Task -
Output exactly the lines from the line that has "As per listing" through the last line of the data below, with no pictures.

#### Input data ####

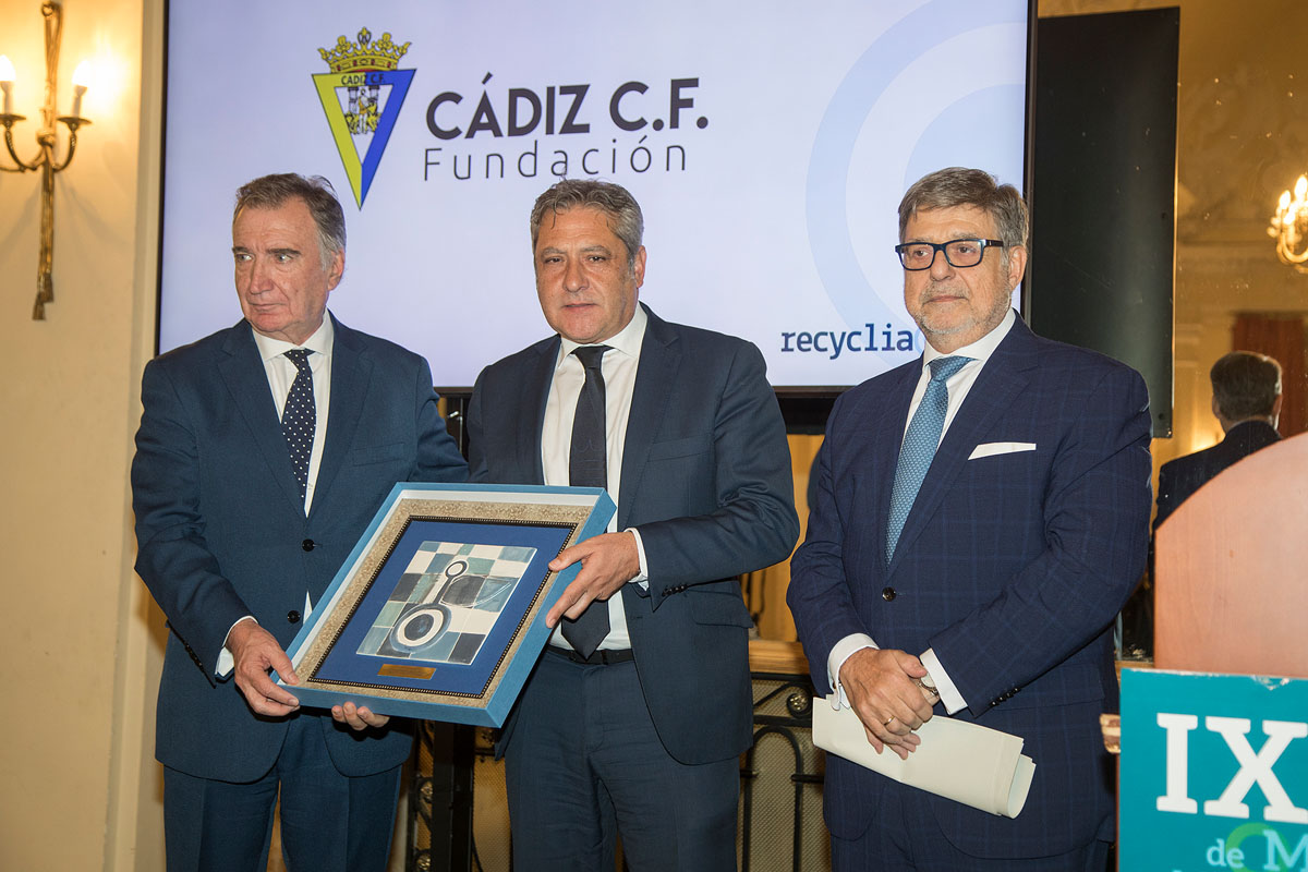 Pepe Mata, gerente de Cádiz CF Fundación, recogió el Premio Recyclia en la categoría ‘Apoyo de una Entidad Pública o Privada al Fomento del Reciclaje’ en reconocimiento al compromiso de la Fundación del club deportivo con la preservación de los ecosistemas costeros de la provincia mediante diversas iniciativas de sensibilización.
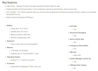 As per listing on T-Mobile support page confirms some of the key features of the HTC U11 Life like the Edge Sense.Yes, HTC U11 Life will come with Edge Sense feature which was last seen on HTC U11 which was the flagship smartphone from HTC.Other features include Dual AI support with Google Assistant and even Amazon Alexa support.It also has an IP67 rating which makes the device dust and water resistant and comes with same HTC U Sonic headphones which were bundled with HTC U11.T-Mobile has taken down the HTC U11 Life listing from its website.
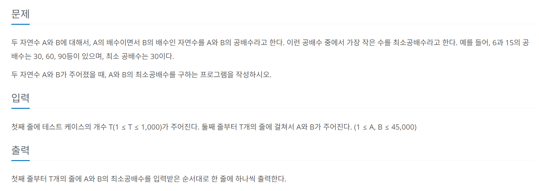문제 자체는 명확하고 간단하다. 테스트 케이스 각각의 두 수(A, B)의 최소 공배수를 출력해주면 된다.
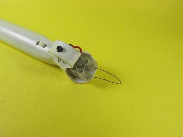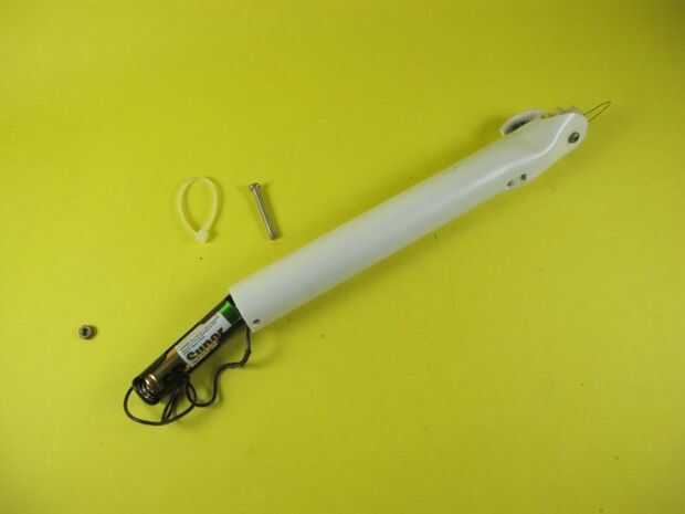 el nylon ATE en el tope delantero del soporte de pilas y el tornillo en la cola hacer un anillo para colgar en la barra de herramientas.

####

Your response -
 As per listing on T-Mobile support page confirms some of the key features of the HTC U11 Life like the Edge Sense.Yes, HTC U11 Life will come with Edge Sense feature which was last seen on HTC U11 which was the flagship smartphone from HTC.Other features include Dual AI support with Google Assistant and even Amazon Alexa support.It also has an IP67 rating which makes the device dust and water resistant and comes with same HTC U Sonic headphones which were bundled with HTC U11.T-Mobile has taken down the HTC U11 Life listing from its website.
문제 자체는 명확하고 간단하다. 테스트 케이스 각각의 두 수(A, B)의 최소 공배수를 출력해주면 된다.
 el nylon ATE en el tope delantero del soporte de pilas y el tornillo en la cola hacer un anillo para colgar en la barra de herramientas.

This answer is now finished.